Meditation — Marketing. It doesn’t seem that there should be any connection between the two. Think of a meditator and you probably picture a person sitting serenely cross-legged on a cushion with his or her eyes closed, hands resting gently or holding a pose with thumb and middle finger lightly touching to make a circle. Perhaps the setting is a quiet meditation hall or under a spreading tree in a magazine-worthy nature shot.
Think of a marketer and the picture might not be so serene. Perhaps an underpaid desk jockey in India with a headset microphone, or a slick, aggressive Mad Men-type shyster trying to get people to buy things they don’t need.
But in reality we are all meditators and marketers, whether we realize it or not.
I ran across a discussion in a LinkedIn writers group recently that touched on this exact topic. One of the posters posited that even if we protest that we don't like marketing and don't want to have anything to do with it, all our public statements, including those on message boards and in person, are in fact part of our marketing and branding.

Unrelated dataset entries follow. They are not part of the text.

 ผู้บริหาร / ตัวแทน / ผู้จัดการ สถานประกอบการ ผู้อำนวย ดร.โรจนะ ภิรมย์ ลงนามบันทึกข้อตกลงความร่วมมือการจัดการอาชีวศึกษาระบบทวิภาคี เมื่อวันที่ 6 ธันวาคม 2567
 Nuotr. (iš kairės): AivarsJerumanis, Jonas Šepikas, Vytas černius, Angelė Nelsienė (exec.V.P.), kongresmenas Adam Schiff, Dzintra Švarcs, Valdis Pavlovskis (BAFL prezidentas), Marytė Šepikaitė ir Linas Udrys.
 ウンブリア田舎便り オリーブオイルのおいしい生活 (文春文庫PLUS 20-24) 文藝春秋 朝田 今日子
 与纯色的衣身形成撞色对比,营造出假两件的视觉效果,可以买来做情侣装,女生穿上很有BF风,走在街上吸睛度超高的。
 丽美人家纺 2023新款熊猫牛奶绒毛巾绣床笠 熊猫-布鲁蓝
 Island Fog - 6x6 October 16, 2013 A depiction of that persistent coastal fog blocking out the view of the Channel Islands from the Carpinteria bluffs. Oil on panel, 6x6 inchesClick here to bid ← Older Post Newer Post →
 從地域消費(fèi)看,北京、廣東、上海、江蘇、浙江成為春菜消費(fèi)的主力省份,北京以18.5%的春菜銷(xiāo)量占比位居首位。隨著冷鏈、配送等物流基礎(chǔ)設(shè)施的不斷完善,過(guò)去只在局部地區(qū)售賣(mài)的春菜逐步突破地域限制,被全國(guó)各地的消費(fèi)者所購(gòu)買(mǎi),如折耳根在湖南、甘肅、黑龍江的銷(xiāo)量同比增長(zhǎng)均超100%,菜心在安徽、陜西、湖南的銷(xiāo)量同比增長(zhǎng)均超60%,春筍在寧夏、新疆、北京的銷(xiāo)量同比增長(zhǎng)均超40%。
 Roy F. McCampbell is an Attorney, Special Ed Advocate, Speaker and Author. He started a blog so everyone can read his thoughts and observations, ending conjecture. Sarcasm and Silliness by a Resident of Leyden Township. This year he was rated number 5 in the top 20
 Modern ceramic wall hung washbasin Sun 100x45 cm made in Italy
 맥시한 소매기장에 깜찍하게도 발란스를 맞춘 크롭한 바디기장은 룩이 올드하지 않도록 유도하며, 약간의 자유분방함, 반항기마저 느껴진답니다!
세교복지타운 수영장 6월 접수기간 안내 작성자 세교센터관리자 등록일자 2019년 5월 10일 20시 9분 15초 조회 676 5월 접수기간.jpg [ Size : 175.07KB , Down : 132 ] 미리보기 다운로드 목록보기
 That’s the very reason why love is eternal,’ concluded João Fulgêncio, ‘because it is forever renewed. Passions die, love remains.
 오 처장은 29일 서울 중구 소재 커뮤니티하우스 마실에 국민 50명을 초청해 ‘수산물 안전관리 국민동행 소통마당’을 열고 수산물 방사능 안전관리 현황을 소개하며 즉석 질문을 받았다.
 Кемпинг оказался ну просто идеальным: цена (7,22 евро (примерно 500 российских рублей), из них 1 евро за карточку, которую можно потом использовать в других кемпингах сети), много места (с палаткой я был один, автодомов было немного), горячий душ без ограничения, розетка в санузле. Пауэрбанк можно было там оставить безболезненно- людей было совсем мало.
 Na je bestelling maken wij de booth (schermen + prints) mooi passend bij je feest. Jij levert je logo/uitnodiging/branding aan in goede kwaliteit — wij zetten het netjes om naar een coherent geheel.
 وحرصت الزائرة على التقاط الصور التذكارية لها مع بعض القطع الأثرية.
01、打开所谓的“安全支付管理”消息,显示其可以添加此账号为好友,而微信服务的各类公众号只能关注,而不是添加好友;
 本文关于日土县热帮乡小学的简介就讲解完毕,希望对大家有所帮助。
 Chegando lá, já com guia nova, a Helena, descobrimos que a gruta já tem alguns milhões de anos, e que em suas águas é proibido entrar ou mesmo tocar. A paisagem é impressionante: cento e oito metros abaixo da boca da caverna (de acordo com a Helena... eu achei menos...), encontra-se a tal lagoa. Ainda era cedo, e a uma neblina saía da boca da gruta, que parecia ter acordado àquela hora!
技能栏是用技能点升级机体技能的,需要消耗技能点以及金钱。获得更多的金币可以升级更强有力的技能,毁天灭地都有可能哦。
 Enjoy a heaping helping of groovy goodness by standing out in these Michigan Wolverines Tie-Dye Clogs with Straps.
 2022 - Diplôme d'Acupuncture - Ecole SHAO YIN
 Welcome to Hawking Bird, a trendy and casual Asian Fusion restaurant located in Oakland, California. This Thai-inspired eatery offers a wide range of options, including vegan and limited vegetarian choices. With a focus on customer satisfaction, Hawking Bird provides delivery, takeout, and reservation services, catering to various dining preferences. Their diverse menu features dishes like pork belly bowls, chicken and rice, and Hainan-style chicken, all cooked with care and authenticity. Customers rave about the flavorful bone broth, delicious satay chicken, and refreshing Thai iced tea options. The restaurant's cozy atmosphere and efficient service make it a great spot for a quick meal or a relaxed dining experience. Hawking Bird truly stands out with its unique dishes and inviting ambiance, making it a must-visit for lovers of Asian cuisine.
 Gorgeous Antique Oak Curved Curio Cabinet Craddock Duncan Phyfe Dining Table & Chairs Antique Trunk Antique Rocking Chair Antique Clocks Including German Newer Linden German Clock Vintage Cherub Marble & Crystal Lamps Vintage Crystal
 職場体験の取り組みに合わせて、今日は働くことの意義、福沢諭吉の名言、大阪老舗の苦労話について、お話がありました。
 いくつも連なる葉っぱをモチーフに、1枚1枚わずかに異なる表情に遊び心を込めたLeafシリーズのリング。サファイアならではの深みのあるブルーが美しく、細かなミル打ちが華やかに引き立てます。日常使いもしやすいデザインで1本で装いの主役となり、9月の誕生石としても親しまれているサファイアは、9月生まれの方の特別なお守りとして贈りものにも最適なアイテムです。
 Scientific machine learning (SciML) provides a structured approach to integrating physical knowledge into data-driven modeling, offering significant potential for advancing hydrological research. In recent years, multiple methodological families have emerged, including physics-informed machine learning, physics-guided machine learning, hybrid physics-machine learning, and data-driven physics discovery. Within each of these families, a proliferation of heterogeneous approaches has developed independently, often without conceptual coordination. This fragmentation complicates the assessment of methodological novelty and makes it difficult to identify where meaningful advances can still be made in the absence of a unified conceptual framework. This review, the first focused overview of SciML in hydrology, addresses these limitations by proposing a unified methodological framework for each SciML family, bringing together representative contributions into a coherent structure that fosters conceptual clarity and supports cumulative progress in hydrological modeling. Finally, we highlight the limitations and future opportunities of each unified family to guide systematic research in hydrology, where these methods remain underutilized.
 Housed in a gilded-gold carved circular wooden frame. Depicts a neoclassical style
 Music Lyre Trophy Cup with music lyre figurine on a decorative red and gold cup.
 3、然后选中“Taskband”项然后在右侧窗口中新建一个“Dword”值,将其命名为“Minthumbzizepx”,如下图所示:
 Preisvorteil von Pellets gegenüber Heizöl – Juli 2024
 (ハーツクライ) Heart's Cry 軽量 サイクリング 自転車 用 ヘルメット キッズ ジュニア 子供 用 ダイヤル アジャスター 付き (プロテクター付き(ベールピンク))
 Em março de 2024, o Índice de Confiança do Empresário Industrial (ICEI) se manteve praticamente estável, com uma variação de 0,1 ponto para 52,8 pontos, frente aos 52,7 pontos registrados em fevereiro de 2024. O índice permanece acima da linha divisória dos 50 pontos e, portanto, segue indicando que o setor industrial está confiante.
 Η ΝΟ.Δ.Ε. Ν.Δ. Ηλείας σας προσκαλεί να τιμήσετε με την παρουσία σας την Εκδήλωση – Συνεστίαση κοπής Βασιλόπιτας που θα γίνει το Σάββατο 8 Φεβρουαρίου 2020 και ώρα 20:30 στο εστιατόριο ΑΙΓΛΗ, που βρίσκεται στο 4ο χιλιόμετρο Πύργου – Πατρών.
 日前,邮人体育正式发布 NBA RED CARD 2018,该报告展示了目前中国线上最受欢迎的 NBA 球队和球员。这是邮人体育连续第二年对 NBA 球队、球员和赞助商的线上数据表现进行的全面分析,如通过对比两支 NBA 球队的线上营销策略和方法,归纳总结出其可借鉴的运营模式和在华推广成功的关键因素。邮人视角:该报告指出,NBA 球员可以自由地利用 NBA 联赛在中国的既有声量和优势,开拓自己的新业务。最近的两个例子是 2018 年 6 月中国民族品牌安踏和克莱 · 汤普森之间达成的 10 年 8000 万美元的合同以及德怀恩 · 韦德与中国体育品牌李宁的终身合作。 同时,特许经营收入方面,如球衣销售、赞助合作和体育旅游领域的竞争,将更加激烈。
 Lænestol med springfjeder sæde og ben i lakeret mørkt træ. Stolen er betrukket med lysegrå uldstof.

Writers who are too lazy to do the digging around to figure out what type of articles a market typically publishes, and simply email editors asking them to look at their website to ask what type of work they could get, are also marketing — in a negative way — to their intended audience. In essence, we can't escape marketing, so we might as well approach it consciously and productively.
Hmm ... you mean I’m always marketing myself, consciously or unconsciously? Yikes. Better watch what I put out there!
But what about meditating? Surely I am not meditating all the time.
Well, it depends on how you see the word “meditation.” Sakyong Mipham Rinpoche, the spiritual leader of Shambhala Buddhism, in his video clip, "Learning to Meditate," (also shown below) says the word in Tibet has roots in the word “familiarity,” and so it really means getting used to something.
“I always think that in a sense we are always meditating, meaning we are always getting familiar. Our mind is getting used to something. We may be getting used to the thought of anxiety, worrying, anger. Our mind is getting used to something. So in a sense we are meditating.”
It makes sense: whatever you place your mind on during the course of the day, you are getting familiar with. We can meditate on thoughts of being wronged, feeling impoverished or on our own fantasies and desires by constantly coming back to them during the day. Or, we can familiarize ourselves with kindness, curiosity and humor, and meditate on those.
Which kind of meditation and marketing would you choose?